TASK OBJECTIVE: Copy the data below exactly. Any pictures in it should be omitted.

[Items listed in a dataset]

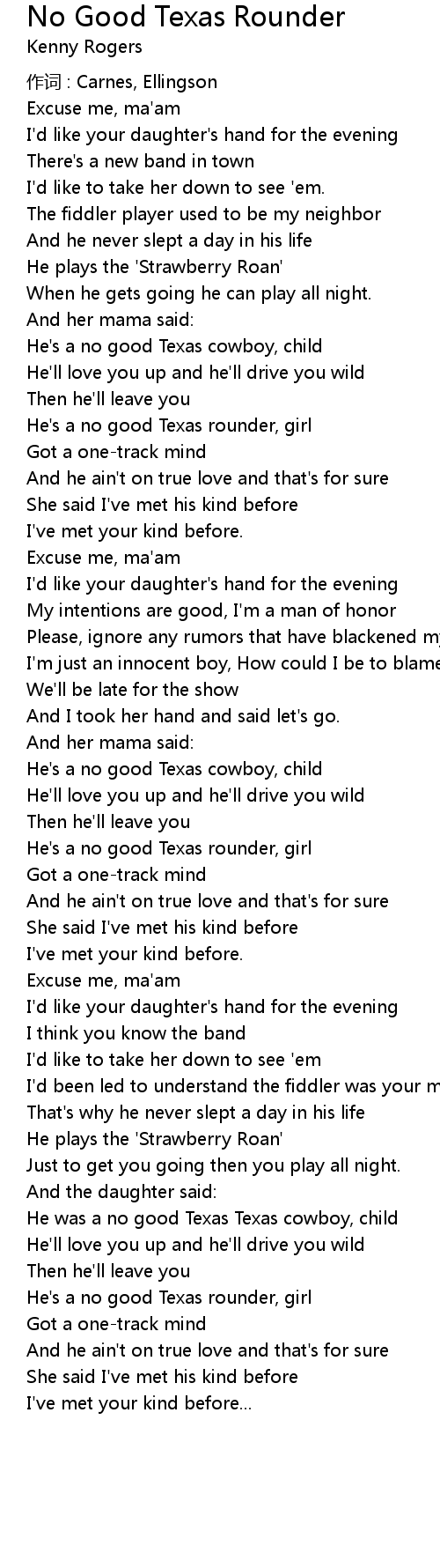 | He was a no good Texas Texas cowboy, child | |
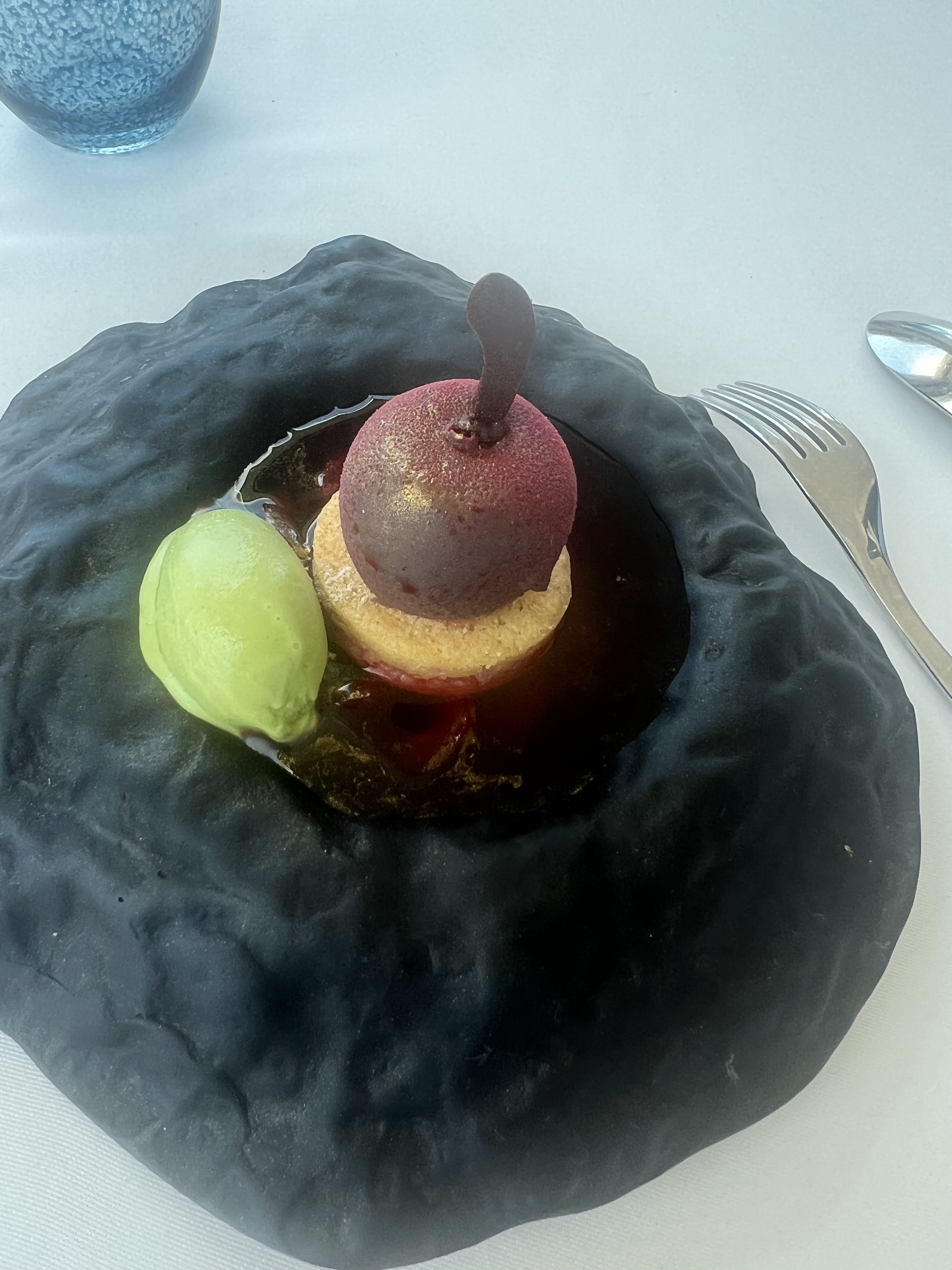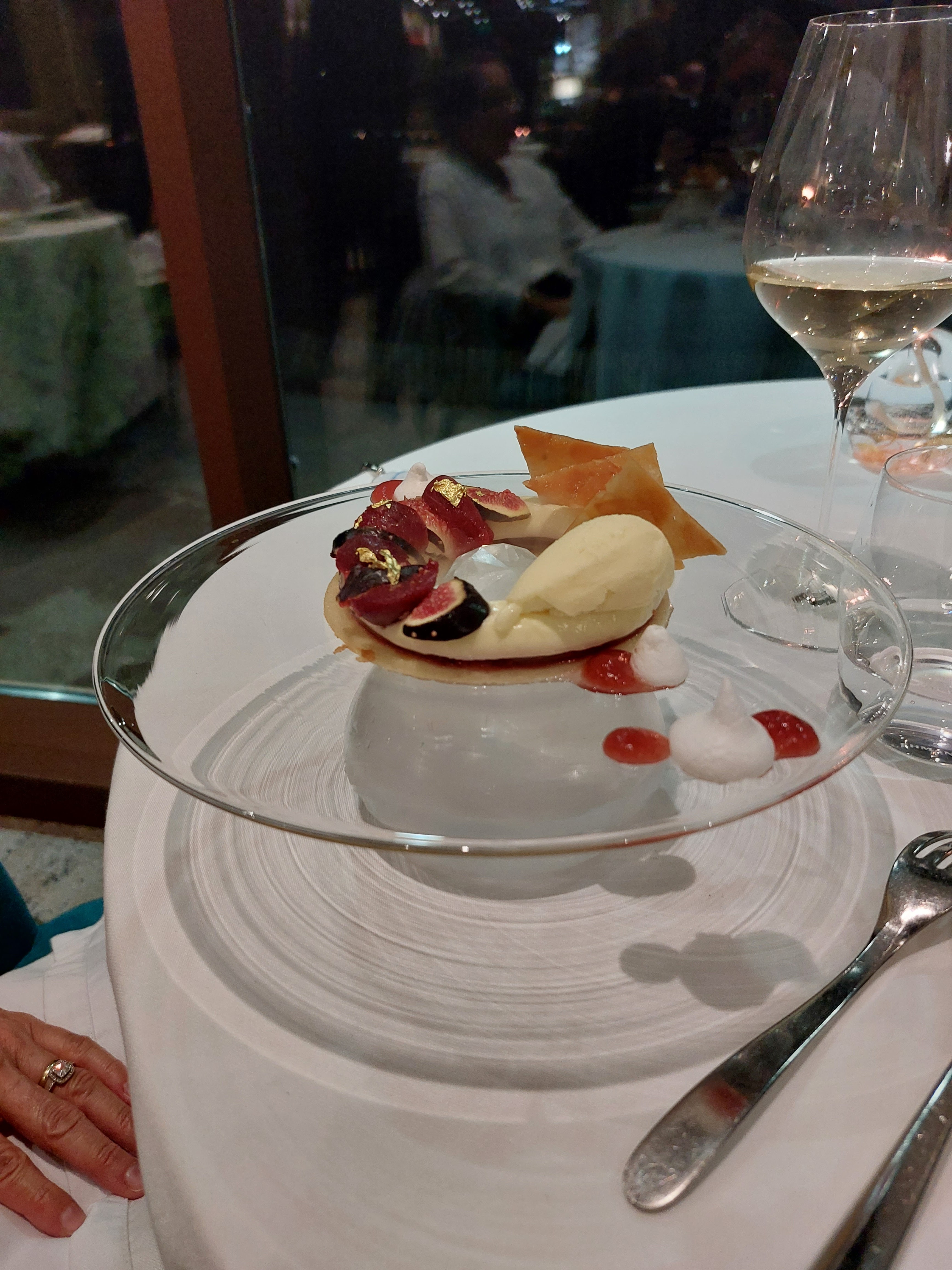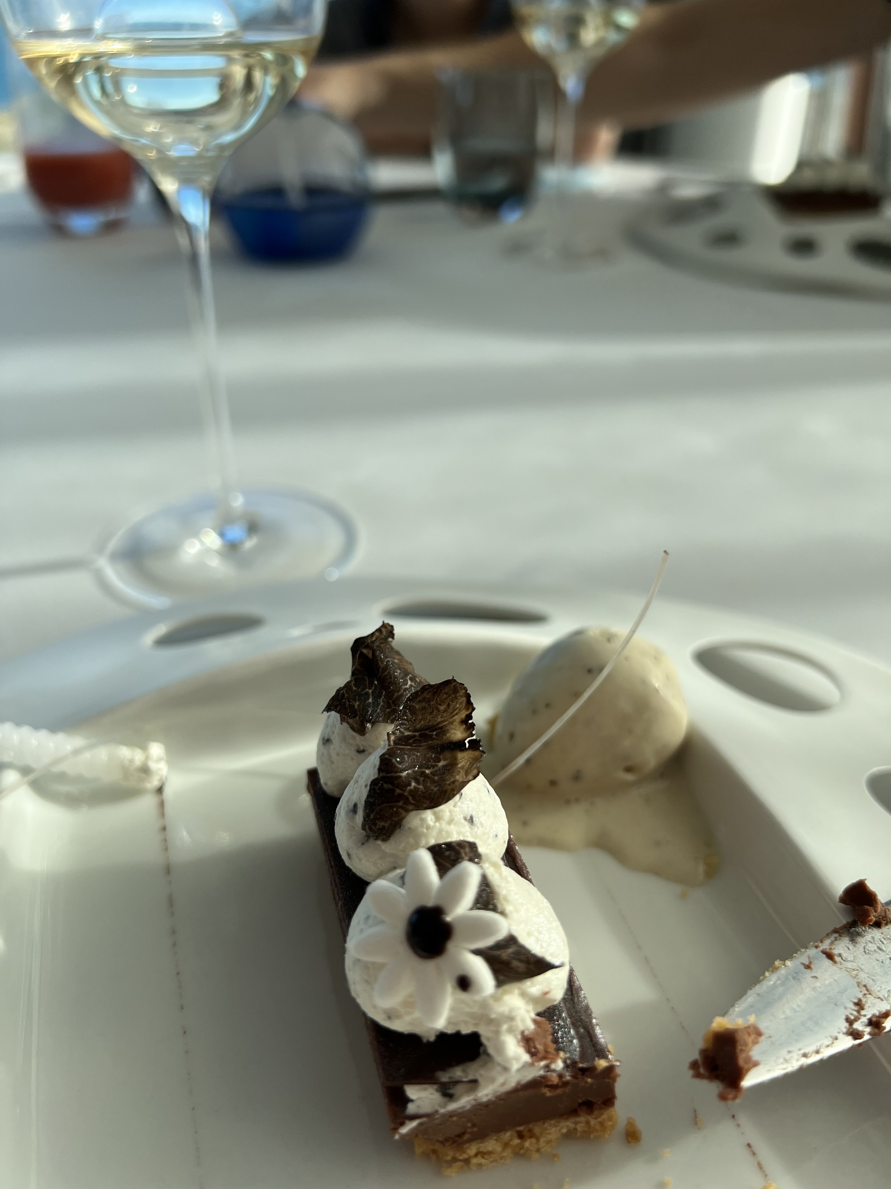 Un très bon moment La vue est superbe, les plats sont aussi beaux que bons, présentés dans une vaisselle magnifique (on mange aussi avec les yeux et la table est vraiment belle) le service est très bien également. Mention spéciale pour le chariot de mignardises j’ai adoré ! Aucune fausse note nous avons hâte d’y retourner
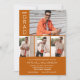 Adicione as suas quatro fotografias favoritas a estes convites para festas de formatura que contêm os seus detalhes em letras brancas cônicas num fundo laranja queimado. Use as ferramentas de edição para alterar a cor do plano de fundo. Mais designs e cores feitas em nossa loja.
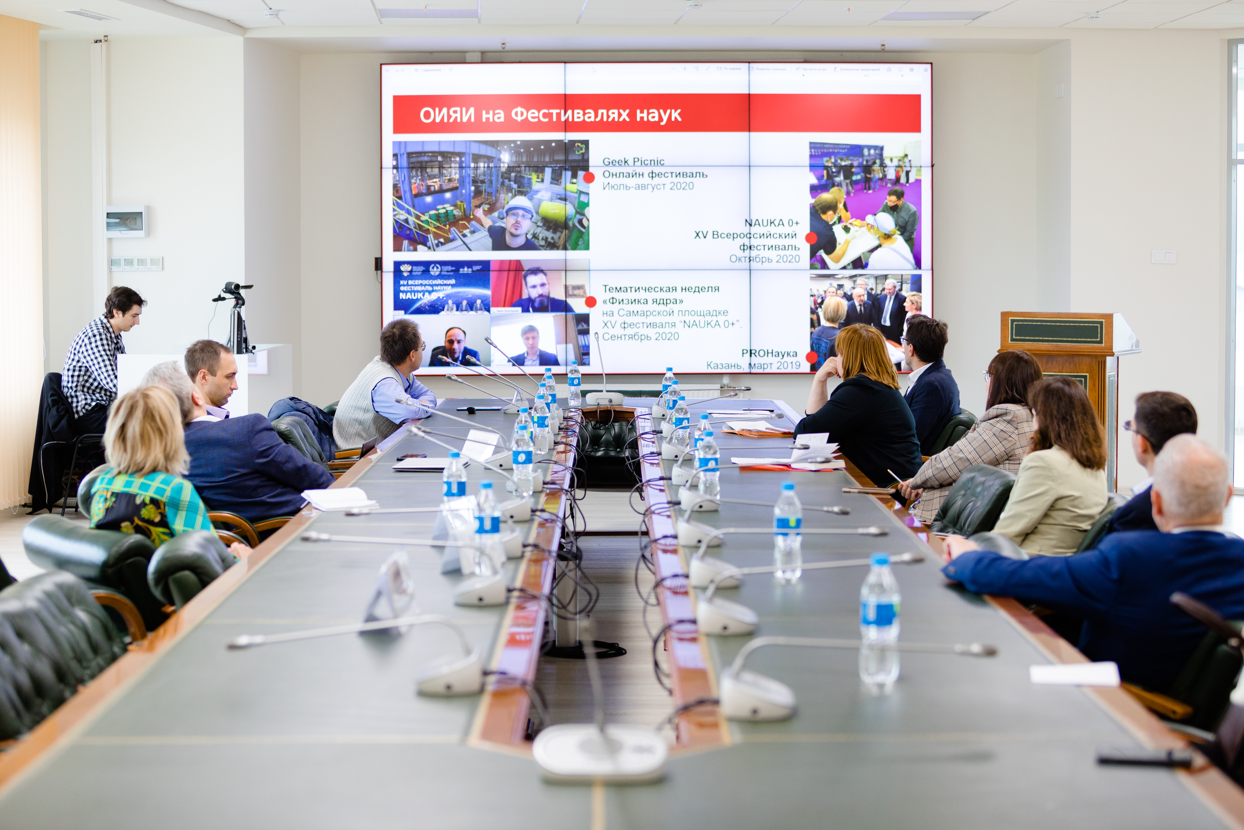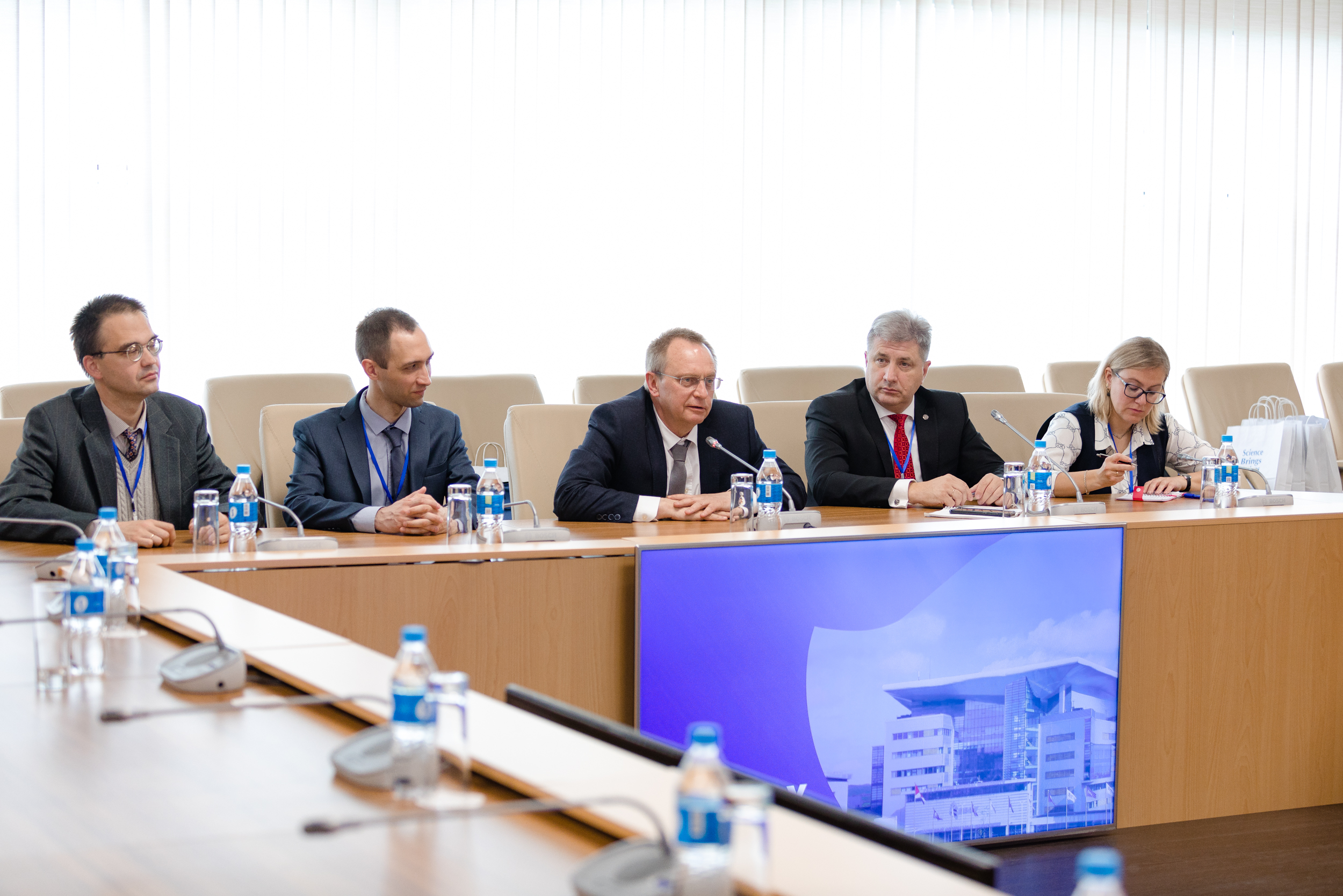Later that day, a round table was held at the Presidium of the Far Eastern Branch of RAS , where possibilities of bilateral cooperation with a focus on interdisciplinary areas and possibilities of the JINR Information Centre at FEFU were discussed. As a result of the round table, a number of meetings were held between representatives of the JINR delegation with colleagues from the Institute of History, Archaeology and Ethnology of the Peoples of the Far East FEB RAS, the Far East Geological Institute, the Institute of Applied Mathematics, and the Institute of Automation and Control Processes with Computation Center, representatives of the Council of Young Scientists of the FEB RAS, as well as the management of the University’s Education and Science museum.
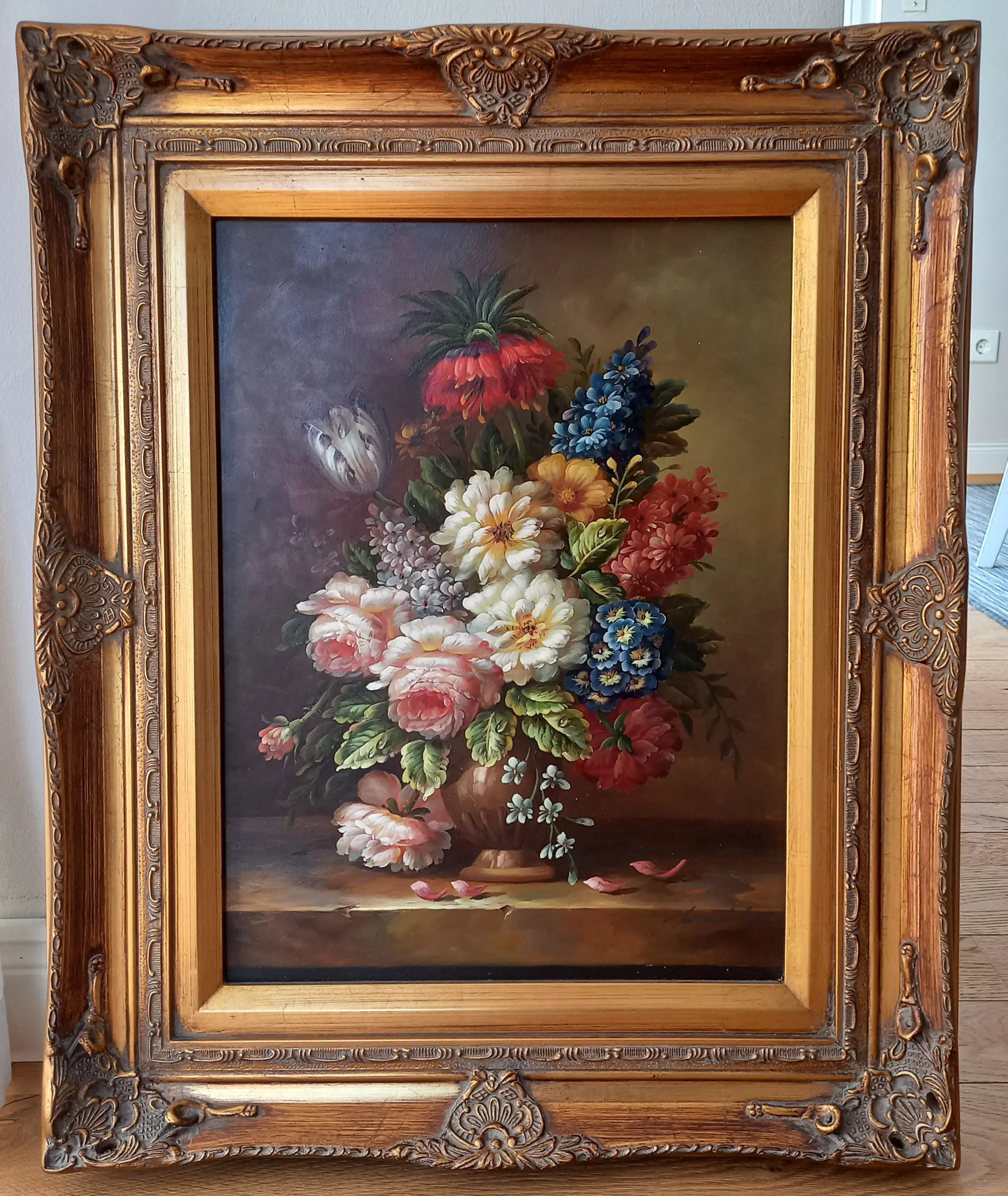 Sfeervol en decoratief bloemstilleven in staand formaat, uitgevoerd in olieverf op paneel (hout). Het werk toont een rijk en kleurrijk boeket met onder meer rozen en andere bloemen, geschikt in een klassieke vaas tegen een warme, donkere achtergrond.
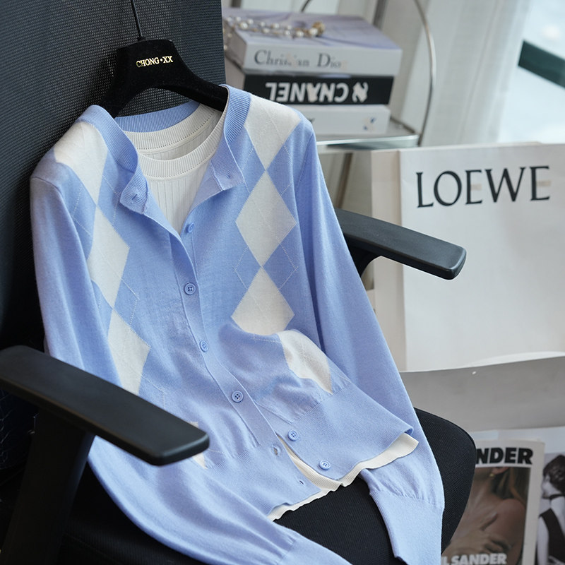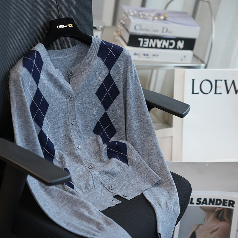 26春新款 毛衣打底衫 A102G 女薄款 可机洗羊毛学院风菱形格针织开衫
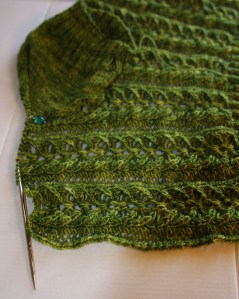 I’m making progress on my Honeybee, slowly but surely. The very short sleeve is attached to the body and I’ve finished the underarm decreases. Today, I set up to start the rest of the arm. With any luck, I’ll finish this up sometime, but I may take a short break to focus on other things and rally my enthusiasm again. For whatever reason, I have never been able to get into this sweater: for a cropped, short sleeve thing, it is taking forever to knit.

SOLUTION TO THE EXERCISE:
 | He was a no good Texas Texas cowboy, child | |
 Un très bon moment La vue est superbe, les plats sont aussi beaux que bons, présentés dans une vaisselle magnifique (on mange aussi avec les yeux et la table est vraiment belle) le service est très bien également. Mention spéciale pour le chariot de mignardises j’ai adoré ! Aucune fausse note nous avons hâte d’y retourner
 Adicione as suas quatro fotografias favoritas a estes convites para festas de formatura que contêm os seus detalhes em letras brancas cônicas num fundo laranja queimado. Use as ferramentas de edição para alterar a cor do plano de fundo. Mais designs e cores feitas em nossa loja.
Later that day, a round table was held at the Presidium of the Far Eastern Branch of RAS , where possibilities of bilateral cooperation with a focus on interdisciplinary areas and possibilities of the JINR Information Centre at FEFU were discussed. As a result of the round table, a number of meetings were held between representatives of the JINR delegation with colleagues from the Institute of History, Archaeology and Ethnology of the Peoples of the Far East FEB RAS, the Far East Geological Institute, the Institute of Applied Mathematics, and the Institute of Automation and Control Processes with Computation Center, representatives of the Council of Young Scientists of the FEB RAS, as well as the management of the University’s Education and Science museum.
 Sfeervol en decoratief bloemstilleven in staand formaat, uitgevoerd in olieverf op paneel (hout). Het werk toont een rijk en kleurrijk boeket met onder meer rozen en andere bloemen, geschikt in een klassieke vaas tegen een warme, donkere achtergrond.
 26春新款 毛衣打底衫 A102G 女薄款 可机洗羊毛学院风菱形格针织开衫
 I’m making progress on my Honeybee, slowly but surely. The very short sleeve is attached to the body and I’ve finished the underarm decreases. Today, I set up to start the rest of the arm. With any luck, I’ll finish this up sometime, but I may take a short break to focus on other things and rally my enthusiasm again. For whatever reason, I have never been able to get into this sweater: for a cropped, short sleeve thing, it is taking forever to knit.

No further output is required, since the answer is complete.